* Required work
Transcribe the stretch of entries below from the line with "3、设置一个红色的渐变,我们" through the line with "The entrance sets", exactly and with both ends included; leave out all other lines.

*** Opening Source material ***

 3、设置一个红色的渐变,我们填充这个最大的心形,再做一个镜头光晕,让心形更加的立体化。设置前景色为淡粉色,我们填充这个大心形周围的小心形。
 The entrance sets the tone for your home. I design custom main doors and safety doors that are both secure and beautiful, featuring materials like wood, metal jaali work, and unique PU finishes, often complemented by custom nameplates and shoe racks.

*** Closing Source material ***
*** Opening Source material ***

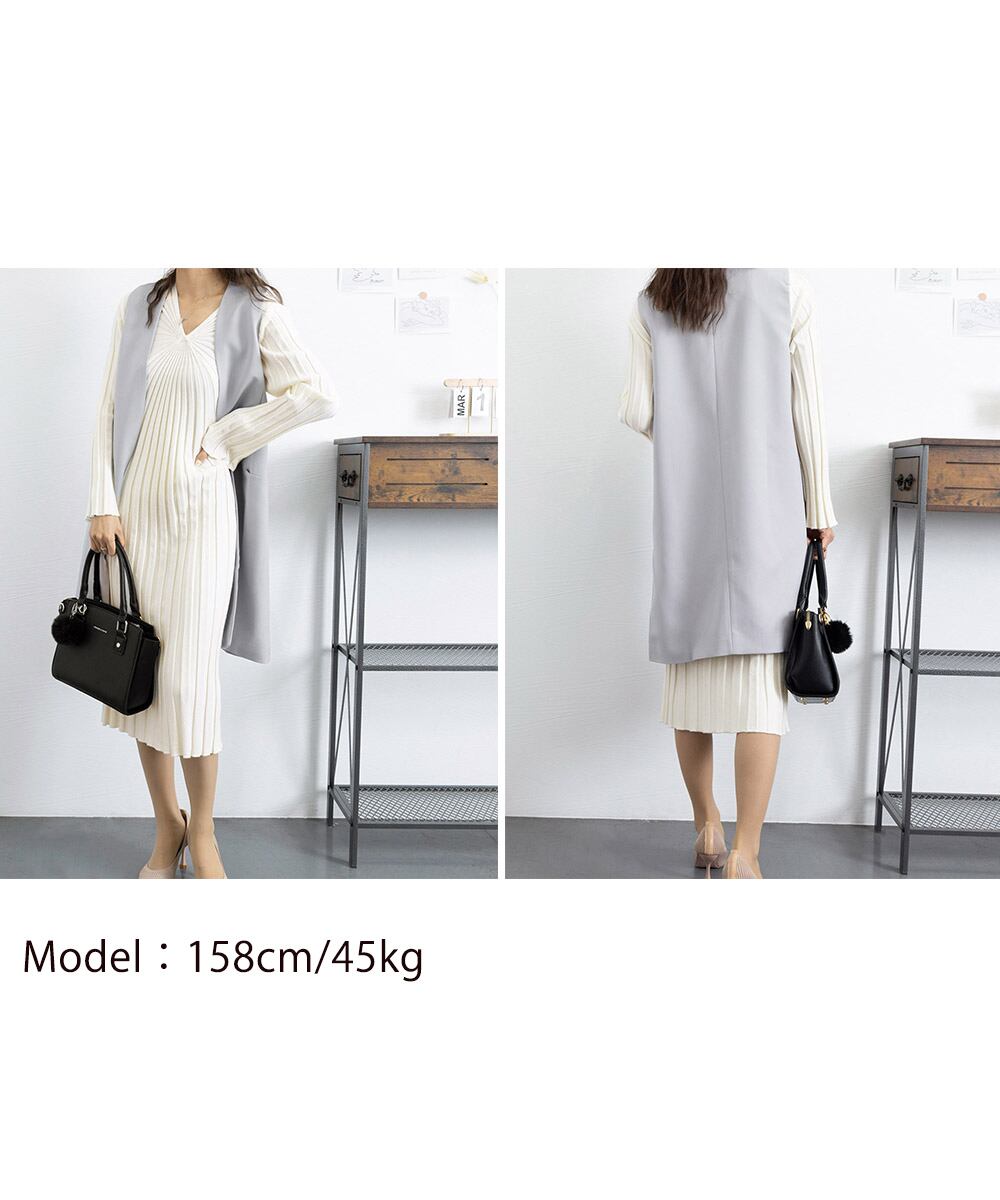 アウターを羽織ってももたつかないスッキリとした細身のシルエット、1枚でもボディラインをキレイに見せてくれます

*** Closing Source material ***
*** Opening Source material ***

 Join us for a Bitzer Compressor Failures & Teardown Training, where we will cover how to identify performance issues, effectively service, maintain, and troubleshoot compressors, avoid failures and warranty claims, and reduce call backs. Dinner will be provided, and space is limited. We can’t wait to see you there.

*** Closing Source material ***

* Reply
 3、设置一个红色的渐变,我们填充这个最大的心形,再做一个镜头光晕,让心形更加的立体化。设置前景色为淡粉色,我们填充这个大心形周围的小心形。
 The entrance sets the tone for your home. I design custom main doors and safety doors that are both secure and beautiful, featuring materials like wood, metal jaali work, and unique PU finishes, often complemented by custom nameplates and shoe racks.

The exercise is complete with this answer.